Estimated reading time — 4 minutes
It’s night, most likely. The canopy of sky above is that deep fathomless shade of dark that usually can be associated with nocturne, and the breeze is wispy with a crisp natural scent that it carried from the swaying branches above. It is quiet tonight. You like quiet. That is probably the reason you began taking these evening strolls through the forest, the rejuvenating quality of the tranquil, woodland air. But right now, it is very quiet; there are no crickets or insects chirping in the undergrowth, no unseen creatures shifting through the foliage, no stars. You don’t remember it being cloudy, but clouds could have rolled in relatively recently; even though the air is still down here, who knows what was going on up in the stratosphere. It doesn’t look cloudy, but it’s most likely just too dark to tell. As you continue to gaze skyward, you notice there is no moon. Was tonight supposed to have a new moon? You don’t really pay attention to those things, but that could explain the unusual darkness. Well, if it is even night. It should be but you’re not quite sure.
You have stopped walking; when did you stop? Oh, when you looked at the sky. This makes sense; it is unwise to not keep your eyes in the direction of travel when hiking, no matter how familiar the path. It would also be wise to continue on instead of wasting time considering matters of little consequence. It is getting late, probably. It is really, really dark.
Pointing the beam of your flashlight down the path, you continue on with nothing but the natural crackle as you tread upon the bed of fallen leaves and biodegradable debris that eternally blankets the woodland floor. Have your footsteps always been that loud? You don’t remember. The sound is bothering you though; you don’t know why. Carefully, you control each step, dampening the sound of your travels. But why are you doing this? They say that in the dark, your other senses are heightened, and it is very, very dark. However, there is no advantage in silence in the woods; noise actually is better to frighten away dangers such as bears. Not that there is anything to scare off. It is very, very quiet.
You seem to be at a standstill yet again, and you reprimand yourself silently for over-thinking such simple things, like a walk in the woods, albeit a very dark, quiet walk in the woods.
Now you start to notice that you are shivering; goosebumps are poking up along the flesh that is exposed to the air. Actually the air is quite nippy, chilly even. But this is the woods at night, or at least you assume that this is the woods at night, and you should have known better than to wear this light of clothing. Come to think of it, when did you put on these clothes? Your brain tells you that it was obviously this morning, but are you certain you ever got up?
A minute passes as you stand in place, mulling over how you ended up in the forest, in such a dark, cold, quiet, hour that may be night, but you cannot quite place the exact motivation for any of this, despite your mind supplying estimations that would seem logical.
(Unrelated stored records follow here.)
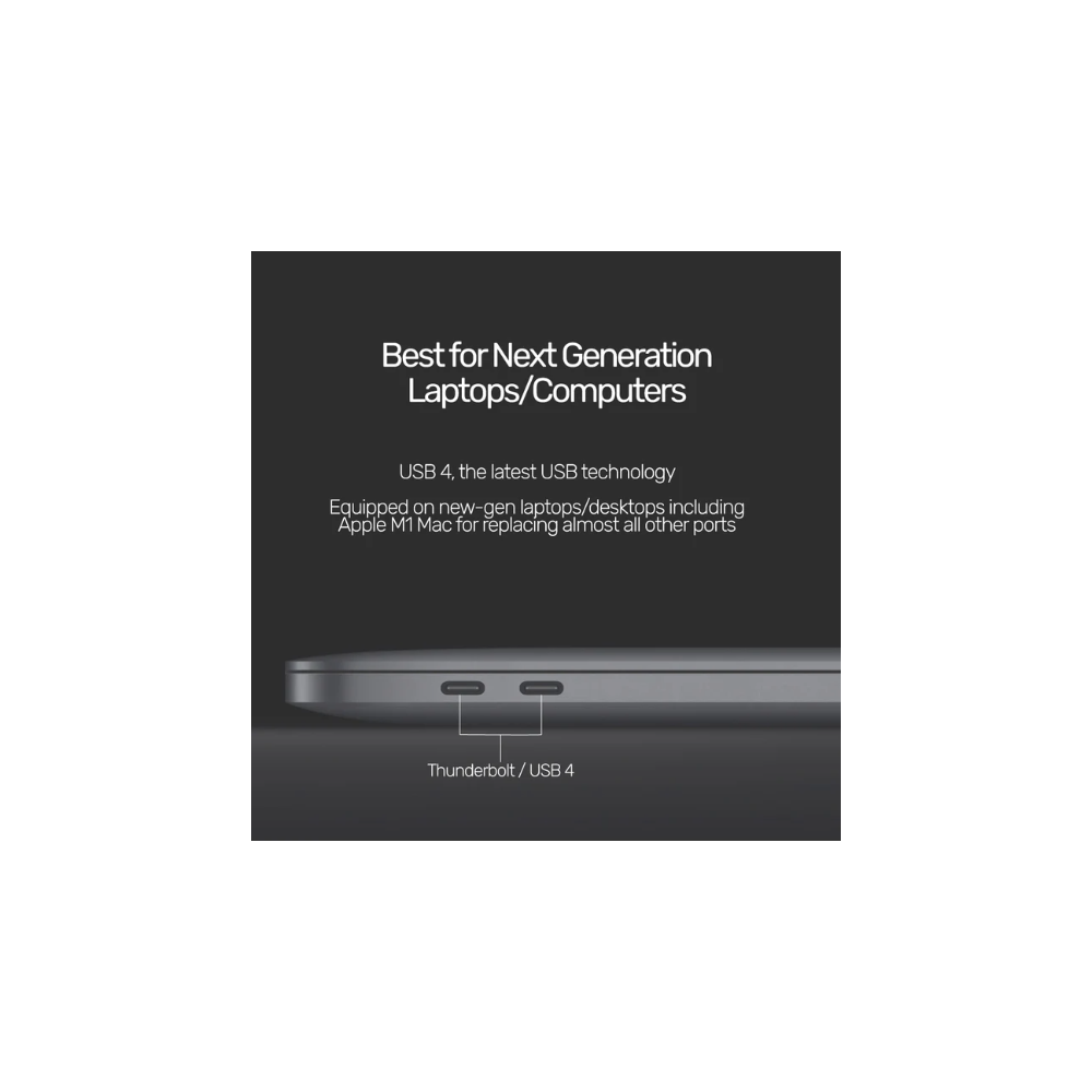 Designed for next-generation laptops and computers, offering 100W Power Delivery (PD) for fast charging and supporting 8K@60Hz video output with a remarkable 40Gbps data transfer rate. As the latest in USB technology, USB 4 is equipped on new-generation devices, including the Apple M1 Mac, effectively replacing multiple ports with its versatile capabilities. The USB4 specification enhances and builds upon the existing USB 3.2 and 2.0 architectures, providing a seamless and efficient connection for modern computing needs.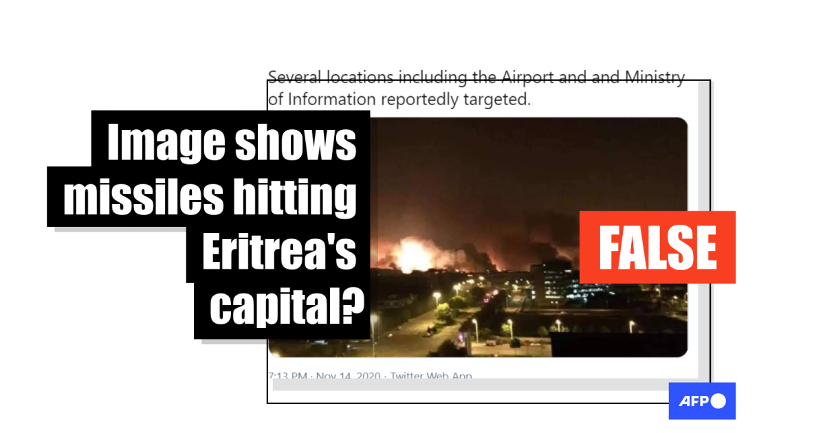 The image was used in a November 14, 2020 tweet shared more than 260 times which read: “BREAKING: 3 missiles hit #Eritrea capital, #Asmara, hours after senior #TPLF official threatened to strike the country’s cities including #Massawa & #Asmara. Several locations including the Airport and and Ministry of Information reportedly targeted (sic).”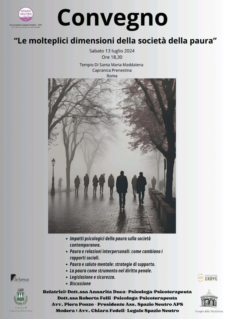 Ci si trova infatti ormai al cospetto di una emozione che interagisce con ogni variabile della nostra vita in grado di incidere pesantemente sia sulle nuove generazioni, ma minando le certezze anche di coloro che apparentemente apparivano più solidi nel substrato sociale. Al fine di fornire nuovi sistemi operativi e strutturali che non siano palliativi, ma efficacemente terapeutici,nel Convegno di Capranica, le neuroscienze, la psicologia, le scienze sociali e il diritto si confronteranno. Tentando di percorrere una strada innovativa volta ad arginare le diversità che “La Società della Paura ” pone in essere.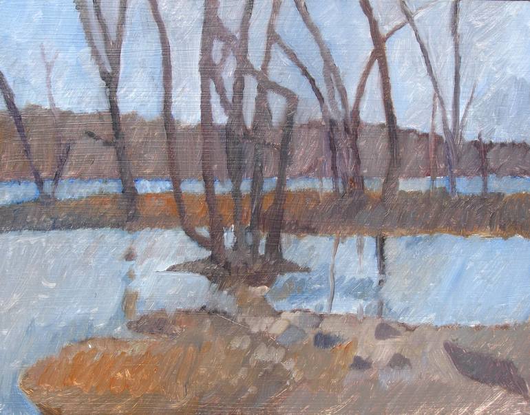 I painted this in situ on the C & O Canal Trail in Maryland without preparatory drawings or photographs. My love of the outdoors inspired me to create this.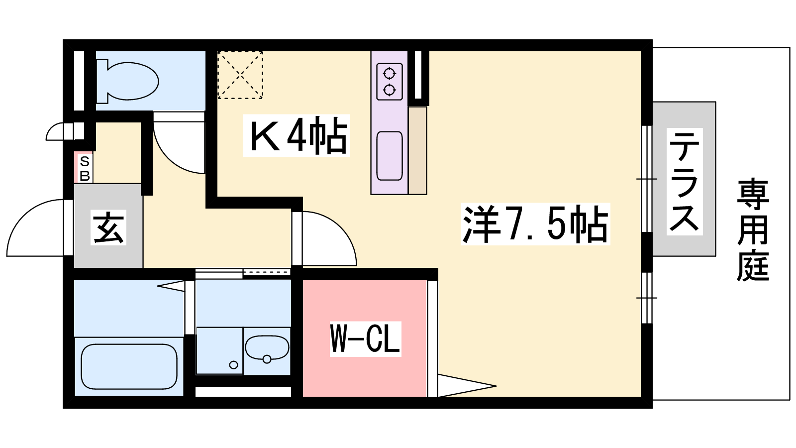 - K4帖、洋室7.5帖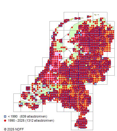 Het aantal atlasblokken (5x5 km) waarin de soort is gemeld binnen een periode van vijf jaar (vanaf 1980) of twintig jaar. Niet gecorrigeerd voor waarnemersinspanning en het aantal doorgegeven waarnemingen kan sterk variëren per periode, dus een trend in verspreiding kan hier niet direct uit worden afgelezen. Het opgegeven jaartal is het eerste jaar van de periode. Bron: gevalideerde waarnemingen uit de NDFF.

You are wearing a pair of khaki pants, a light button-down shirt, and those tennis shoes that you found in the clearance section that fit you just right. But can you prove it?. No. It is far too dark.
Wait. Didn’t you have a flashlight earlier? Your hands are trembling, and you realize that you cannot hear your own breathing. It is very, very cold. There is only one explanation. This is a dream, one that has tread into lucid territory, one that teeters on the edge of consciousness, not quite ready to dissipate.
You bring your hand to your arm slowly and pinch the the tender skin just below your wrist. A sharp spike of pain shoots up your arm, but that is the least on your mind as the world distorts in a way similar to pushing down on the screen of a calculator, and voices start whispering from nowhere identifiable, “She knows, she knows, she knows…”
All you know is that you want to wake up. You pinch the same spot again, causing the same weird ripple effect and the intensifying of the voices. You pinch the area again “She knows” and again “She knows” and again “She knows” each time the stimulation around you and the pain intensifies, coursing through your nerves; you scream in frustration but hear no noise over the cacophony of silent voices resonated right above you, below you, and beside you, cocooning you in a maelstrom of everything and nothing, chaos and oblivion. It hurts; you feel raw, as if your skin had been peeled away and yet you are desperately trying to push through a membrane of your own flesh, giving birth and being born simultaneously.
“She knows!” this time it is more urgent, and you pinch down harder, feeling something give way, the skin separating from the muscle below with a sickening pop. “Hurry,” then the darkness appears to scatter away from from on and around you in a sensation somewhere between water running off your skin after surfacing from the pool and a swarm of insects scrabbling over you, and it is quiet once more.
Your eyes are closed and you are warm, the type of warm that only seems to present itself when you are wrapped snugly in the blankets of your bed. You can feel the early sunlight shining invitingly just outside your eyelids, but you are far too comfortable to open them just yet.